Where in the legislative platform is the request that Compensation Board funding — which funds the offices of the sheriff, commonwealth’s attorney, clerk of the court, treasurer, and commissioner of revenue — not be cut? Where is the request for full-funding of offices that the Compensation Board states are understaffed according to their own standards?

According to the state’s own guidelines, the Caroline County Commonwealth’s Attorney’s Office should be getting additional funding for a full-time position for FY10 (while simultaneously being ranked as most in need) (PDF). The Clerk of the Court’s Office should getting an additional position (PDF). The Treasurer’s Office? Two positions (PDF). Commissioner of Revenue? Two positions (PDF).

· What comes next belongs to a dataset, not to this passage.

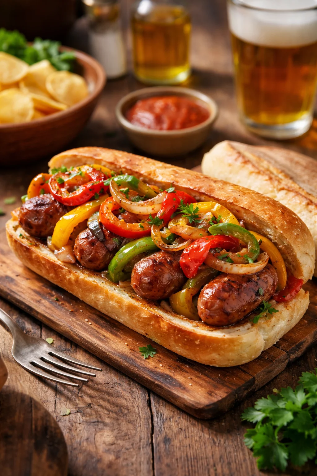 My basic prep is simple: I cut potatoes first, then peppers and onion, then I deal with the sausage. If the sausages are raw links, I usually slice them into thick coins. If they are already cooked, I still slice them, but I add them a little later so they do not dry out.

The most egregious of these are the Commonwealth’s Attorney’s Office and the Clerk of the Court’s Office. Last year, the Board of Supervisors in its infinite wisdom decide that money should be given to Big Brothers, Big Sisters because a child might be saved (“Won’t someone please think of the children?!”). Seriously, someone (Floyd Thomas) said that. They did all this while refusing to funding an additional position in the Commonwealth’s Attorney’s Office. You know, that office that actually prosecutes the people who harm the county’s children and who may in the future harm the county’s children?

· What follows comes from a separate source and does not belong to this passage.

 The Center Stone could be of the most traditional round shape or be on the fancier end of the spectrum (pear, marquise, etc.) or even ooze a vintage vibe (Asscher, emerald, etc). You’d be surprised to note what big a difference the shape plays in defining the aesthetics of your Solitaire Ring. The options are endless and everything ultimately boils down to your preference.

And meanwhile in the Clerk of the Court’s Office, the clerk (Ray Campbell) decided, starting July 1, 2009, that they would no longer prepare sentencing reports for the judge. In doing so, the clerk’s office became only the second office in the state to not prepare sentencing reports alongside the city of Richmond.

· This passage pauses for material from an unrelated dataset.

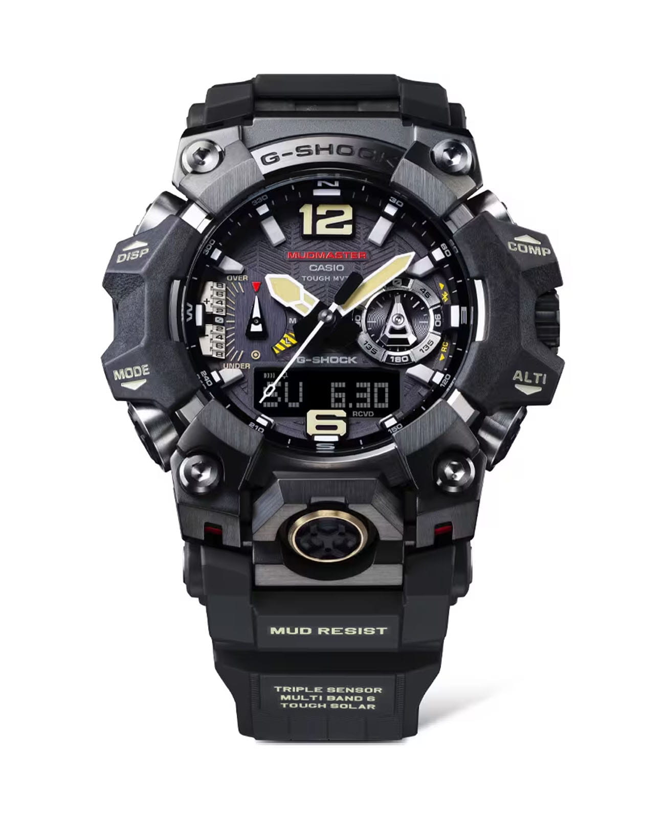 Спортивные японские мужские часы с секундомеромСекундомерСекундоме́р — прибор, способный измерять интервалы времени с точностью до долей секунды. и хронографомХронографФункция позволяет измерять отрезки времени с особой точностью: часы, минуты, секунды. Верным признаком хронографа является наличие на циферблате 3 дополнительных окошек-счётчиков. Casio G-Shock GWG-B1000-1A, кварцевый механизм с высокой точностью. Часы G-SHOCK Master из линейки G, разработанные для профессионалов, работающих в самых суровых условиях, оснащены еще более совершенной функциональностью. Питание от солнечной энергии Tough Solar - солнечные батарейки большой мощности, индикатор заряда батареи. Функция автоматического сохранения энергии. Время работы аккумулятора без подзарядки приблизительно 5 месяцев, при включенной функции сохранения энергии приблизительно 18 месяцев. Ударопрочный корпусУдаропрочный корпусМеханизм заключён в корпус, выполненный из современных материалов, устойчивых к ударам, механическим повреждениям и падению с высоты: инновационный пластик, карбон, нержавеющая сталь, титан. с DLC-покрытиемDLC-покрытиеDiamond like carbon - одно из лучших видов покрытия, представляющее собой углерод с алмазными свойствами. На поверхность материала наносятся распавшиеся молекулы углерода, превращающиеся в плёнку из алмазоподобных связей, которая перенимает твёрдость алмаза. защищает механизм от ударов и вибрации. СекундомерСекундомерСекундоме́р — прибор, способный измерять интервалы времени с точностью до долей секунды. с точностью показаний 1с и временем измерения 24ч. Мировое времяМировое время Полезное часовое усложнение, отображающее время в основных городах и известных областях по всему миру, оно связано с часовыми поясами, удобно для путешественников и бизнесменов. – 27 часовых поясов. Встроенный GPSGPSСистема спутниковой навигации. Часы оснащены приёмником GPS-сигнала, который получает необходимую информацию по GSM, GPRS, со спутников. Принимая сигнал, наручные часы могут установить точные показатели времени и даты, часовой пояс, сообщить местоположение своего владельца.

Because the presiding judge went to the Board of Supervisors stating that they could be sued if they didn’t give him money to hire a clerk (separate of the clerk’s office) to prepare the sentencing reports and because he absolutely had to have the money right then (!!!), the BOS decided to add a full-time clerk’s position (costing $22,000+) on top of a budget that had absolutely zero money to spare.

All this while the county believes that Fredericksburg’s police force is a pressing issue on the county’s legislative platform.

And then we turn to the composite index issues. The composite index is a complicated formula that the Virginia Department of Education uses to determine how much money each jurisdiction should get using several figures, including assessed real-estate values.  The higher the determined value for each county, the more able those counties are supposed to be to fund their school system. In addition, the higher the composite index value, the more money that the jurisdiction has to provide to the system if they want the state’s money.

For years, Caroline County’s composite index has been higher (therefore, we are supposed to be able to fund our schools) than our neighboring counties Spotsylvania and Stafford. That’s right, Caroline is be able to pay for schools than Spotsy and Stafford. While in this biennium (2010–2012) Spotsylvania’s composite index is no long lower than Caroline’s, Stafford’s still is. Caroline’s composite index is .3580, Stafford’s is .3362 (Spotsylvania is at .3594) (PDF).

So, where is this address in the proposed legislative platform? Well, of course, it isn’t. After all, neither Spotsy nor Stafford would be too supportive of a platform that resulted in less money going to themselves.

But the Caroline County Board of Supervisors isn’t Spotsy nor Stafford. Why don’t they tell the Virginia Association of Counties Region 7 to take a hike? Why don’t they worked with places like Lancaster County (composite index of .8000 [Ibid] while half of their school kids are on free or reduced price lunch) to put pressure on the folks in the General Assembly to actually get something done?

Caroline County has three Delegates (one of whom lives in the county) and a State Senator representing their interests (allegedly) in the General Assembly. And Caroline County can not come up with a list of pressing issues without the help of the folks in Spotsy and Stafford? The board nor county staff can’t spend thirty minutes sitting down to identify these issues that are affecting the county and propose a solution to fix them?

Heck, if I can do in less that 30 minutes, they should be able to.